10GBASE-T (or IEEE 802.3an-2006) is the copper PHY (or Physical Layer) interconnect, which transforms logical data packets into raw bits that can be transmitted onto a wire, for 10-Gigabit Ethernet (10GbE) that the market has been waiting to mature and find the right power, interoperability, and latency targets to reach high volume shipments of 10GbE into the marketplace.  The standard was finally ratified in 2006, but the rollout has been spotty.  Now that the 40nm versions of 10GBASE-T PHYs are sampling, LightCounting believes that 10GBASE-T will begin to drive major growth in 10GbE ports in servers and switches, but not nearly as quickly as some believe.  Because we believe that integrated controller/10GBASE-T PHY chips will not be ready for the next Intel-based server platform design cycle (code named Romley) that will ship in the latter half of 2011, LightCounting’s forecast for 10GBASE-T does not expect 10GbE shipments to surpass 1GbE shipments until 2014.

Executive Summary

10GbE has been waiting a long time to transition from being the heir apparent to a ubiquitous replacement for 1GbE.  This report provides a forecast for 10GBASE-T—for adapters and LOMs (LAN on Motherboard), and 10GBASE-KR (for backplanes used in blade servers).  Here are some of the many reasons behind this forecast. 

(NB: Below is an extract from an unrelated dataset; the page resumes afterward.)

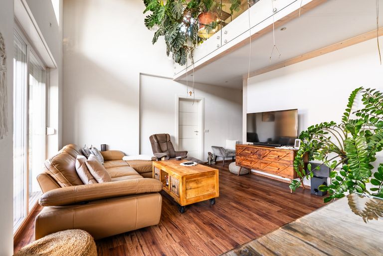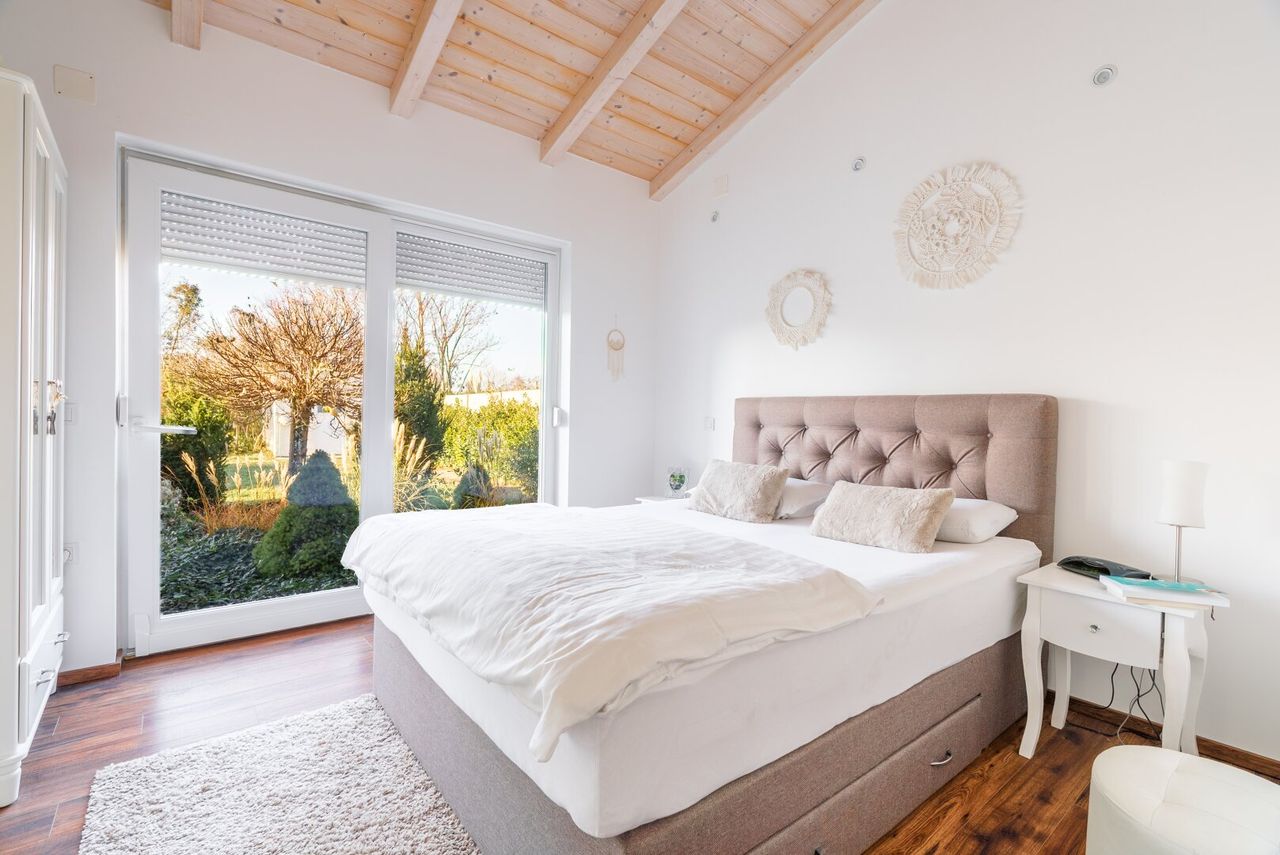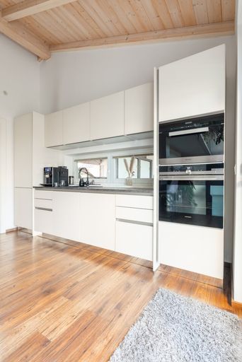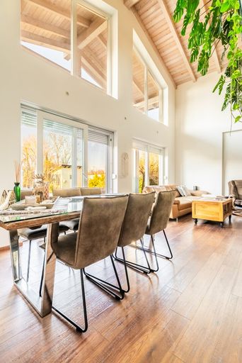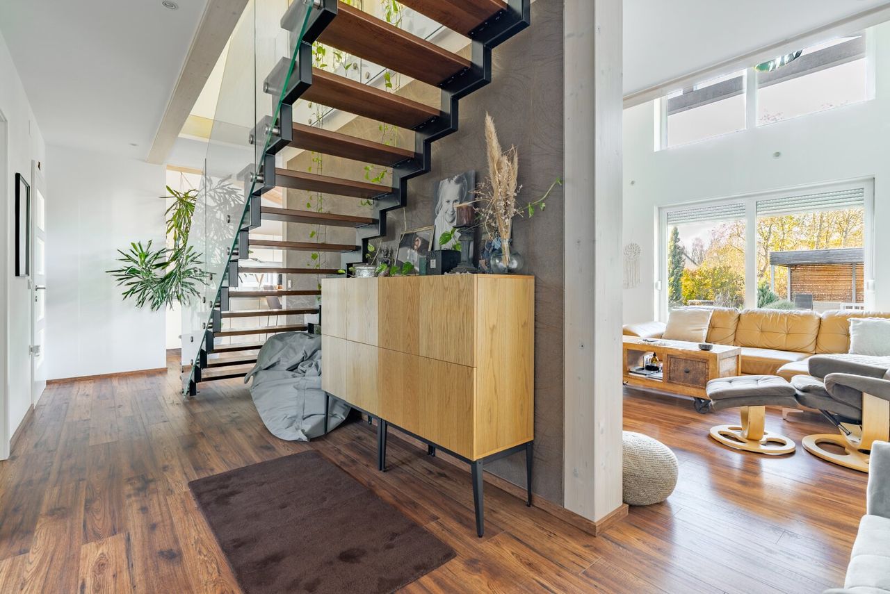 Der zentrale Wohnbereich präsentiert sich offen gestaltet, mit hohen Räumen und sichtbarem Holzdachstuhl. Durch die Galerie entsteht ein beeindruckendes Raumgefühl, das Licht und Offenheit perfekt kombiniert. Die bodentiefen Fenster sorgen für helle Räume und direkten Gartenzugang.

Optical 10GbE port shipments have finally started to take off:  Going forward, SFP+ will be the dominant optical interface.  10GbE SFP+ port shipments with a reach of less than 300 meters that are used in server to switch and some switch-to-switch applications have tripled over the past three quarters, and LightCounting expects the high growth trend to continue. 

10GBASE-T for adapters becomes feasible in late 2011:  Because the use of 10GBASE-T PHYs, on dual port server adapters (the predominant version of shipping adapters), has not been feasible to date and optical interconnects are much more expensive than copper once these products reach the end user, the market for 10GbE has been stunted.  With the newest versions of 10GBASE-T PHYs, developed using the 40nm semiconductor process, the power constraints of 10GBASE-T are finally being overcome, enabling dual-port 10GbE adapter sales to begin in earnest.  However, the mass rollout of 10GbE interconnects will not occur until most rack servers are equipped with 10GbE LOMs begin shipping in 2014.


10BASE-KR for Blade Servers has been shipping since 2009:  In March 2009, HP announced the first 10GbE LOM in its Blade servers under the BladeSystem brand when it refreshed its blade servers with Intel’s new Nehalem family of processors.  HP used Broadcom 10GbE controller chips with 10GBASE-KR PHYs.  Once Blade servers offered LOM implementations of 10GbE, 10GbE port volumes grew dramatically.  The significance of LOM is huge.  Previous to this generation of blade servers, 10GbE could only be enabled via adapter cards. 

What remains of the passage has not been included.